An Indexing Quick-Change Toolpost
Introduction Description Construction Toolholders

This view shows the toolpost by itself, with no toolholder.

The large ball handle on top clamps the toolpost onto the topslide.

The dovetail toolholder clamp is operated by the ball handle at the back. This handle has stops that allow about 110° of movement.

The small ball handle operates the spring-loaded indexing plunger by means of a face cam. The indexing plate, fixed to the topslide, provides 24 divisions.

Secondary indexing holes are pitched at 17.5°. In combination with the 15° interval of the indexing plate, a pin placed in one of these holes provides secondary indexing at 2.5° intervals (144 divisions). The five holes have little plugs to prevent swarf dropping in.

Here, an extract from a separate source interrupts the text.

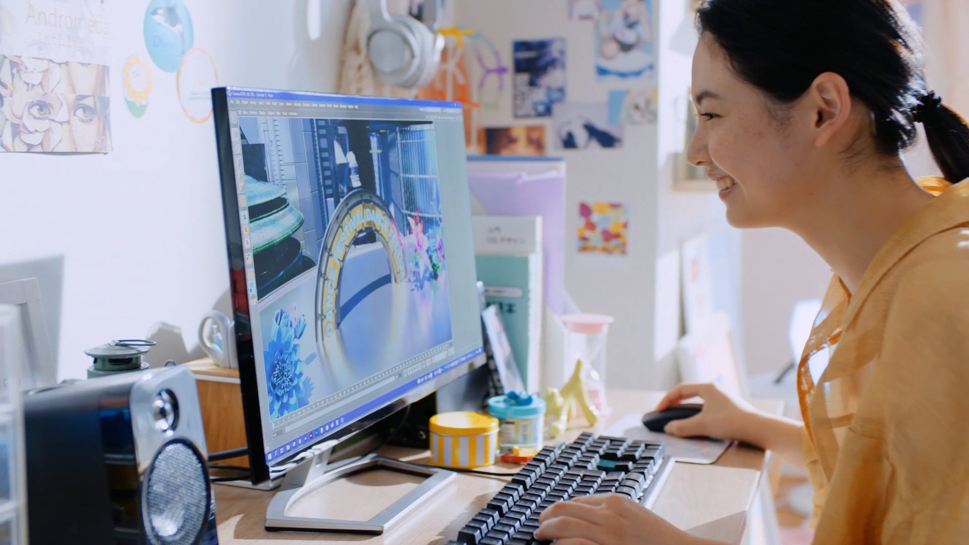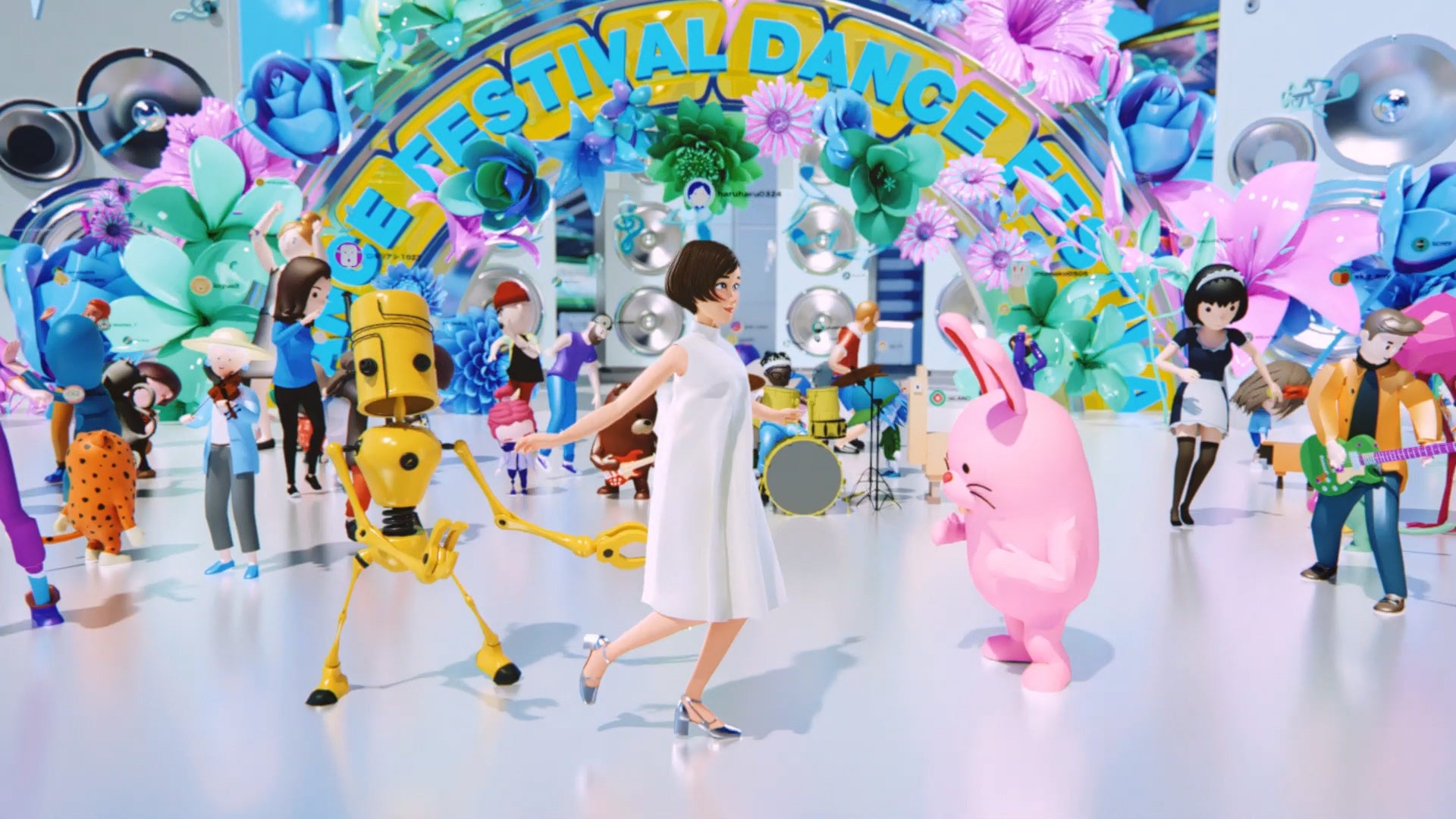 場面は変わって、タブレットに絵を描いている少女が登場。少女が描いたかわいらしいウサギは、少女のアバターとなって綾瀬さんのいるメタバースに姿を現します。さらには、女性がCGで描いたデザインは、メタバースで開催されるダンスフェスティバルの色鮮やかな巨大ステージになり、男性がタブレットで作曲した音楽がメタバースの巨大スピーカーから鳴り響きます。
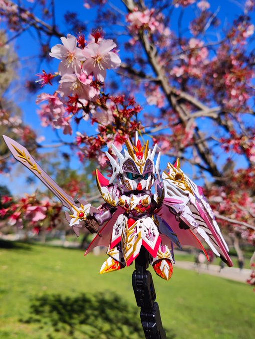 Finally, the cherry blossom is blooming and the weather is nice. 🌸💮 I'm back here again with my Wing Zero. This year he has a new companion knight Strike Gundam. #SDガンダム#ガンプラ

In practice, the repeatability is not quite as good as I hoped. I have some ideas for improving it. Meanwhile, I find this toolpost is everything else I hoped for.

The Toolpost in Use
The top left view shows the toolpost set for turning, and the top right for facing.

The bottom left view shows the toolpost set round to 30°, showing the flexibility it offers for awkward jobs. This is useful when clearance is needed for a revolving centre in the tailstock. I have made some angled and extended toolholders to assist with this kind of work.

At the bottom right, the top slide is set to 27.5° for cutting a Whitworth form thread. The index plunger is disengaged (small ball-handle to the right) and, although it is not visible, the secondary, loose, index pin locates the toolpost square-on using the furthest of the five secondary indexing holes.

These views show boring tool holders. The left hand type is for small boring tools, as described by George Thomas. The right hand view shows a holder with a 1/2" boring bar.